─── DATA SUPPLIED ───

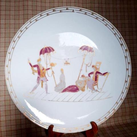 Piatto in porcellana decorata a cromo in oro, viola e grigio e dipinta in oro
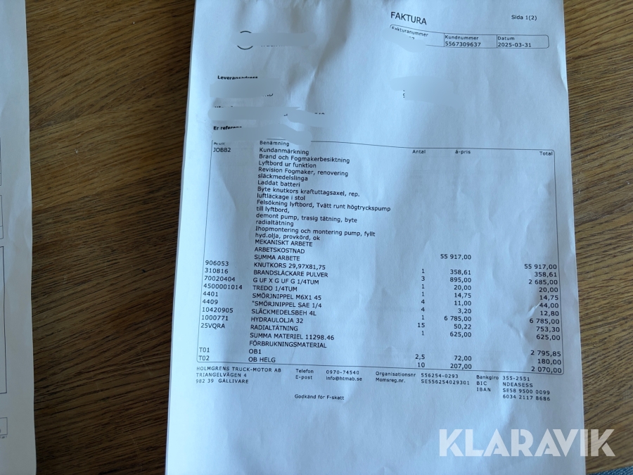 Boka frakt? Det finns ingen specifik information om frakt för just det här objektet, men om du skickar oss en förfrågan via vårt fraktformulär, så undersöker vi möjligheten. Paket, EU-pall eller större maskin? Klaravik har fraktavtal med Schenker och i de fall vi kan hjälpa till med frakt gäller det objekt som ryms i paket eller inom en EU-pall (upp till 120*80 cm och 990 kg). Det går att beställa frakt inom Sverige, dock inte till utlandet. Vid frakt på större maskiner rekommenderar vi gärna transportföretag som du kan kontakta.
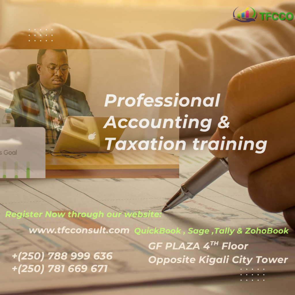 Taxation training , Accounting software training (QuickBooks, Sage,Tally & ZOHOBooks) ,and Advanced excel training : Hello and welcome to TFCCO (Accounting-Tax-Audit & Business Advisory! We are overjoyed that you have decided to advance your accounting career with us.TFCCO (Accounting-Tax-Audit &Business Advisory is a Rwandan professional Consult  firm that was established in accordance with the Rwandan Company Act.
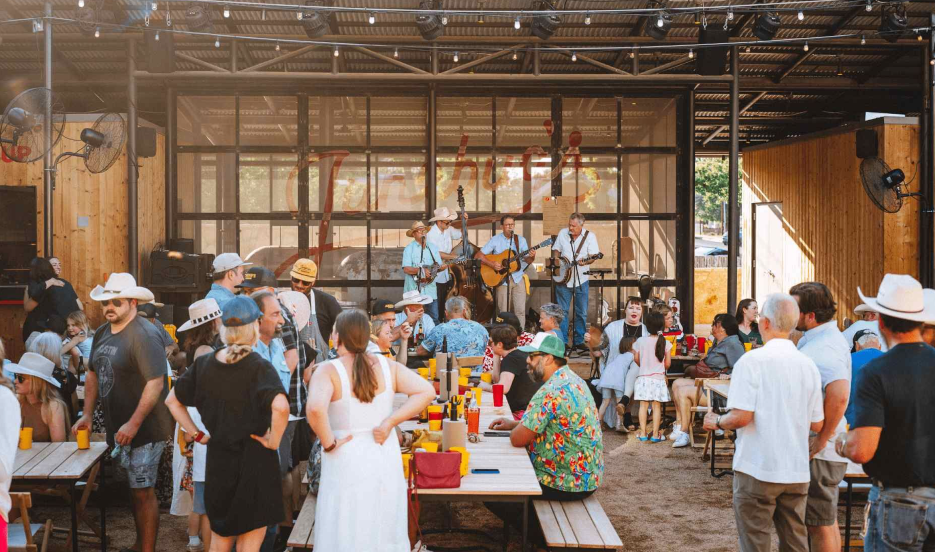 Ein Hinterhof-BBQ-Lokal in Fredericksburg, Texas, das Essen, Gemeinschaft, Familie und Freunde zelebriert. Das BBQ ist gutgläubig, die texanischen Sonnenuntergänge sind kostenlos. Sie finden uns direkt vor dem Albert Hotel.
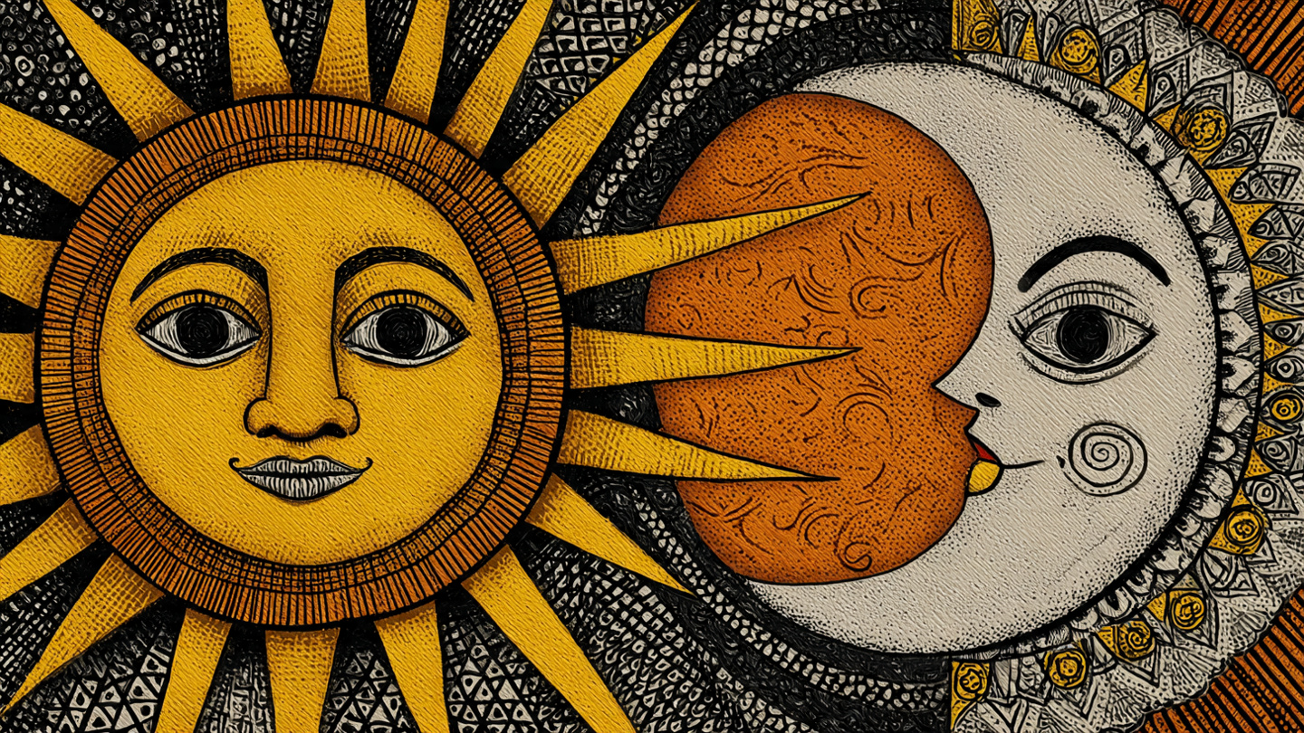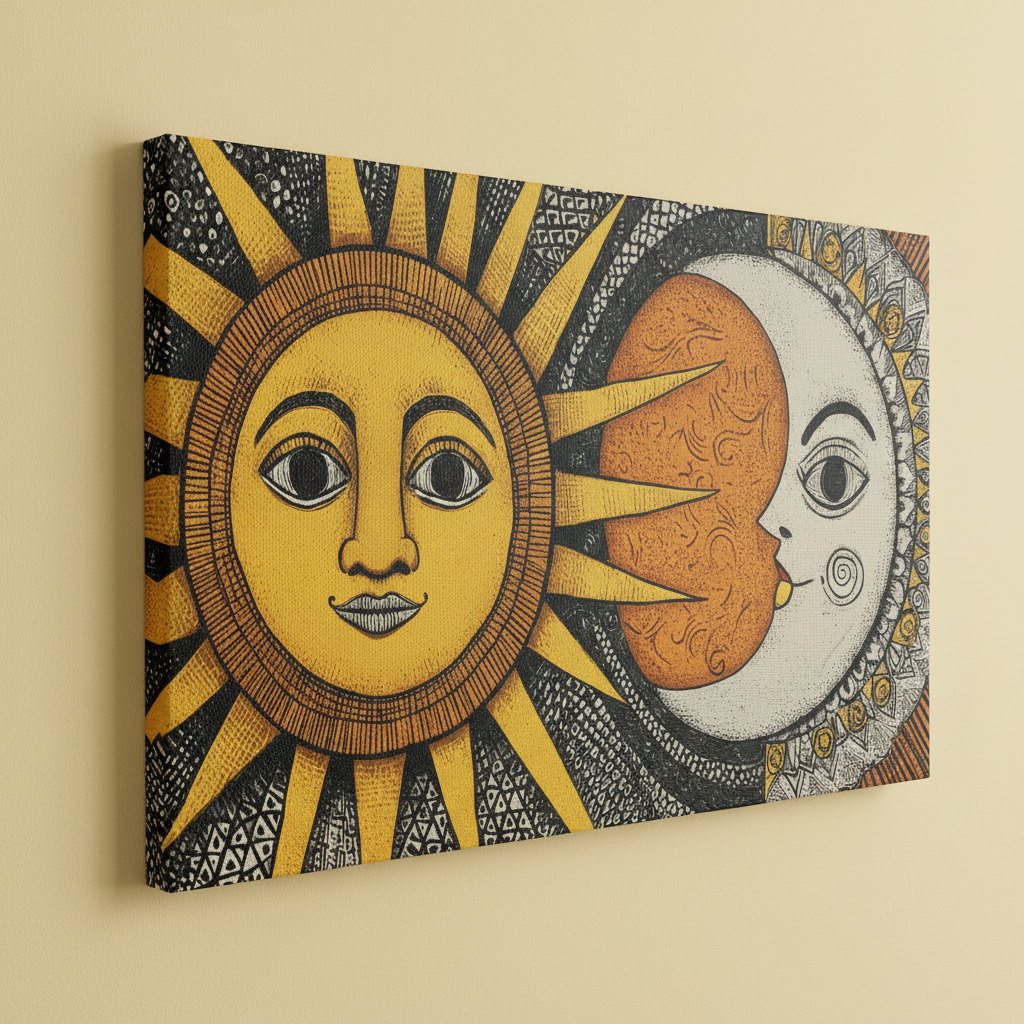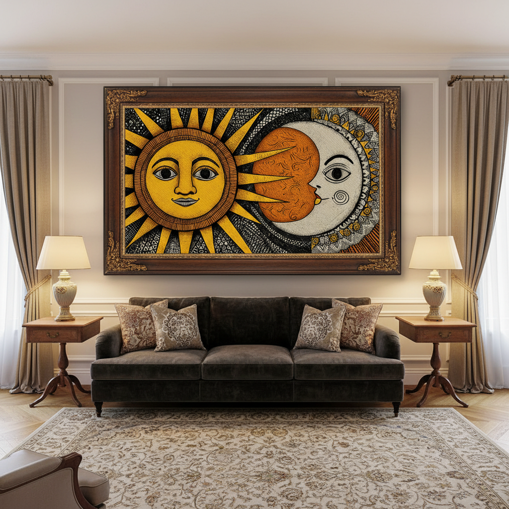 Sun and Moon Geometric Madhubani Wall Art for Home Decor | Art No. 983

───

# EXERCISE
For the material above, give every line again exactly and leave out the pictures.

# ANSWER TO THIS EXERCISE
 Piatto in porcellana decorata a cromo in oro, viola e grigio e dipinta in oro
 Boka frakt? Det finns ingen specifik information om frakt för just det här objektet, men om du skickar oss en förfrågan via vårt fraktformulär, så undersöker vi möjligheten. Paket, EU-pall eller större maskin? Klaravik har fraktavtal med Schenker och i de fall vi kan hjälpa till med frakt gäller det objekt som ryms i paket eller inom en EU-pall (upp till 120*80 cm och 990 kg). Det går att beställa frakt inom Sverige, dock inte till utlandet. Vid frakt på större maskiner rekommenderar vi gärna transportföretag som du kan kontakta.
 Taxation training , Accounting software training (QuickBooks, Sage,Tally & ZOHOBooks) ,and Advanced excel training : Hello and welcome to TFCCO (Accounting-Tax-Audit & Business Advisory! We are overjoyed that you have decided to advance your accounting career with us.TFCCO (Accounting-Tax-Audit &Business Advisory is a Rwandan professional Consult  firm that was established in accordance with the Rwandan Company Act.
 Ein Hinterhof-BBQ-Lokal in Fredericksburg, Texas, das Essen, Gemeinschaft, Familie und Freunde zelebriert. Das BBQ ist gutgläubig, die texanischen Sonnenuntergänge sind kostenlos. Sie finden uns direkt vor dem Albert Hotel.
 Sun and Moon Geometric Madhubani Wall Art for Home Decor | Art No. 983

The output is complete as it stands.